RAW DATA:

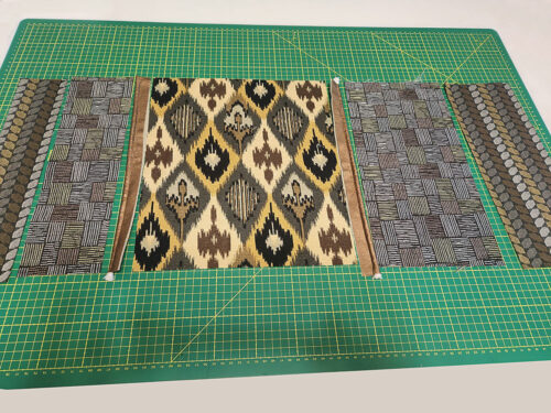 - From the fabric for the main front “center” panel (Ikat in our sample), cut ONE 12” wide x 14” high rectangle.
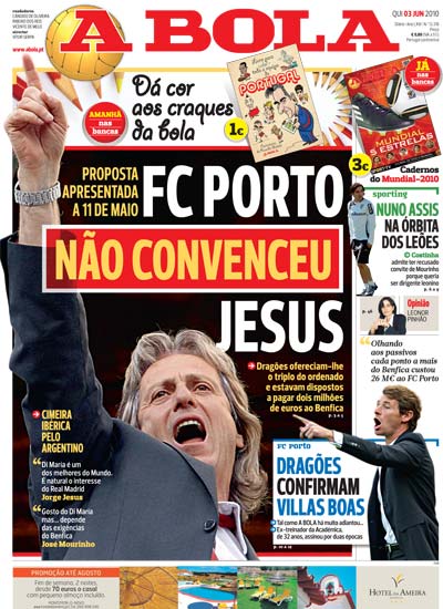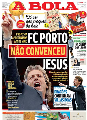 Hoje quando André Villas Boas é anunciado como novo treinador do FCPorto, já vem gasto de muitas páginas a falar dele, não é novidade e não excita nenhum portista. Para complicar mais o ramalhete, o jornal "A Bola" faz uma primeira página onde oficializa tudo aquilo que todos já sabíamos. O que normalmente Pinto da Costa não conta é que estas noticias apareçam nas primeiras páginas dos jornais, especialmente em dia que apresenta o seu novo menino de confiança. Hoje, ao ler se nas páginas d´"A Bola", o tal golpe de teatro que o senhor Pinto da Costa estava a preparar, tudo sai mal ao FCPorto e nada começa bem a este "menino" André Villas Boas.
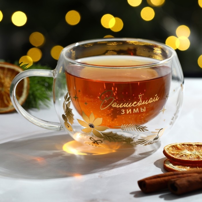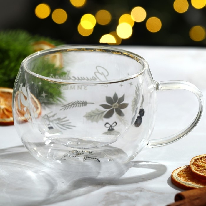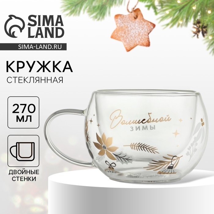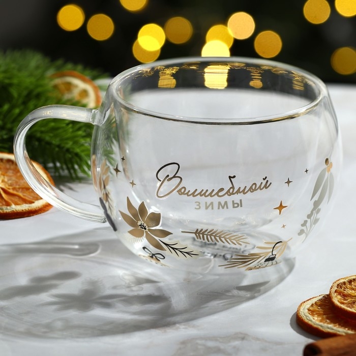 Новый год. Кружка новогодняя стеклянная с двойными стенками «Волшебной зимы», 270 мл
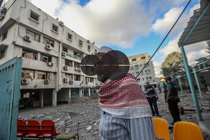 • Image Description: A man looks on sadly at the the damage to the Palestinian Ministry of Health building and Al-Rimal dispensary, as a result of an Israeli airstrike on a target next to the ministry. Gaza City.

YOUR INSTRUCTIONS: Copy out each line of the data exactly as it reads; skip the pictures.

SOLUTION:
 - From the fabric for the main front “center” panel (Ikat in our sample), cut ONE 12” wide x 14” high rectangle.
 Hoje quando André Villas Boas é anunciado como novo treinador do FCPorto, já vem gasto de muitas páginas a falar dele, não é novidade e não excita nenhum portista. Para complicar mais o ramalhete, o jornal "A Bola" faz uma primeira página onde oficializa tudo aquilo que todos já sabíamos. O que normalmente Pinto da Costa não conta é que estas noticias apareçam nas primeiras páginas dos jornais, especialmente em dia que apresenta o seu novo menino de confiança. Hoje, ao ler se nas páginas d´"A Bola", o tal golpe de teatro que o senhor Pinto da Costa estava a preparar, tudo sai mal ao FCPorto e nada começa bem a este "menino" André Villas Boas.
 Новый год. Кружка новогодняя стеклянная с двойными стенками «Волшебной зимы», 270 мл
 • Image Description: A man looks on sadly at the the damage to the Palestinian Ministry of Health building and Al-Rimal dispensary, as a result of an Israeli airstrike on a target next to the ministry. Gaza City.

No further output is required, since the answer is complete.